_DATASET SECTION:_
┌──

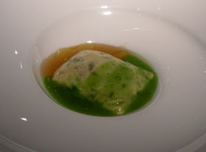 2品目は”ずわい蟹と汲み上げ湯葉のムースリーヌ グリーンピースの鶯餡仕立て”。和食である。鶯あんとコンソメあんのバランスが絶妙の逸品。
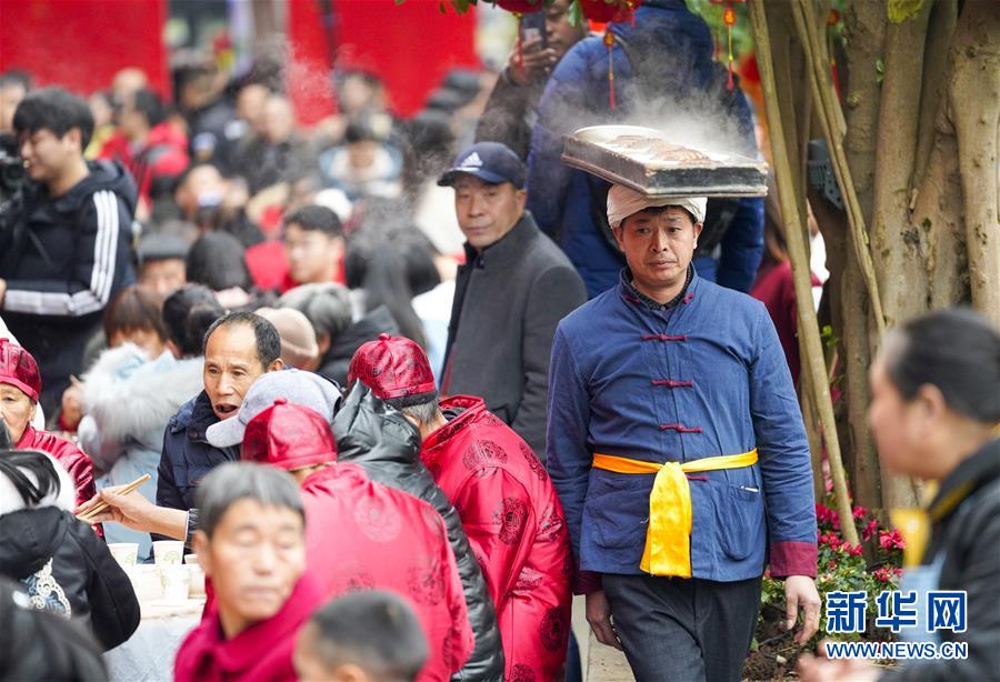1月18日,在中山古鎮(zhèn)的“千米長(zhǎng)宴”上,民間藝人用古鎮(zhèn)傳統(tǒng)“打盆”絕藝給游客們上菜。新華社記者劉潺攝
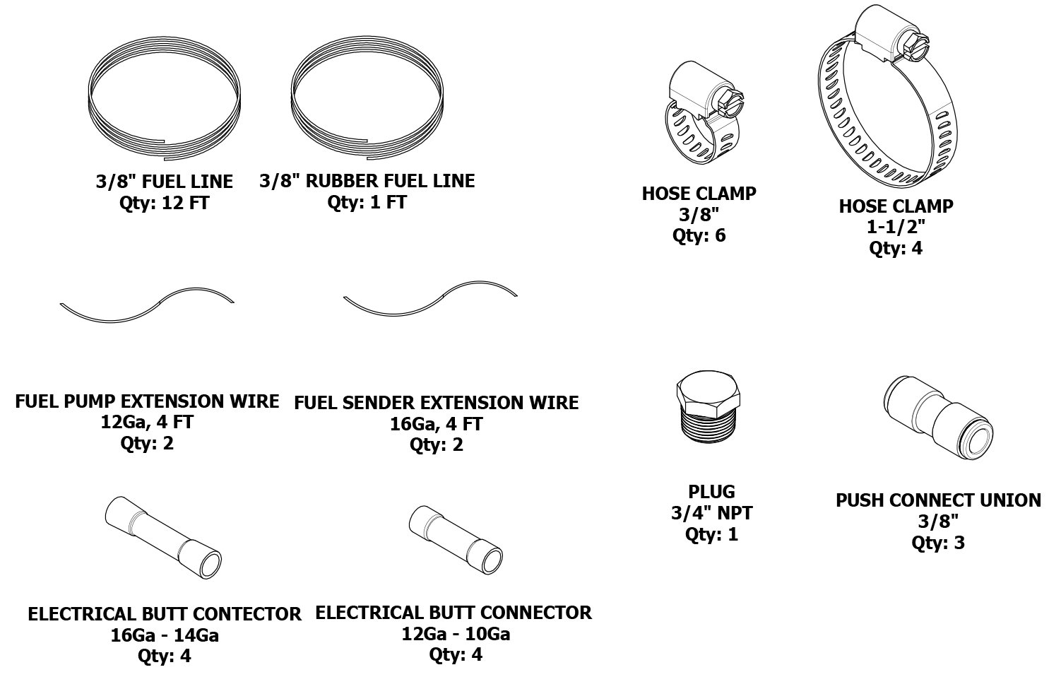 In this kit you will receive the electrical wire and connectors to extend the fuel pump wiring harness, the 3/8 Inch fuel line and push connect unions to extend the EVAP and fuel lines, and the fuel fill vent to connect back to the factory fuel fill. The fuel fill hose in your rig can be modified to work with the relocated tank. Instructions are provided to guide you through modifying your current fuel system.

└──

_TASK DIRECTIONS:_
Repeat every line above precisely; pictures do not belong in the copy.

_ANSWER:_
 2品目は”ずわい蟹と汲み上げ湯葉のムースリーヌ グリーンピースの鶯餡仕立て”。和食である。鶯あんとコンソメあんのバランスが絶妙の逸品。
1月18日,在中山古鎮(zhèn)的“千米長(zhǎng)宴”上,民間藝人用古鎮(zhèn)傳統(tǒng)“打盆”絕藝給游客們上菜。新華社記者劉潺攝
 In this kit you will receive the electrical wire and connectors to extend the fuel pump wiring harness, the 3/8 Inch fuel line and push connect unions to extend the EVAP and fuel lines, and the fuel fill vent to connect back to the factory fuel fill. The fuel fill hose in your rig can be modified to work with the relocated tank. Instructions are provided to guide you through modifying your current fuel system.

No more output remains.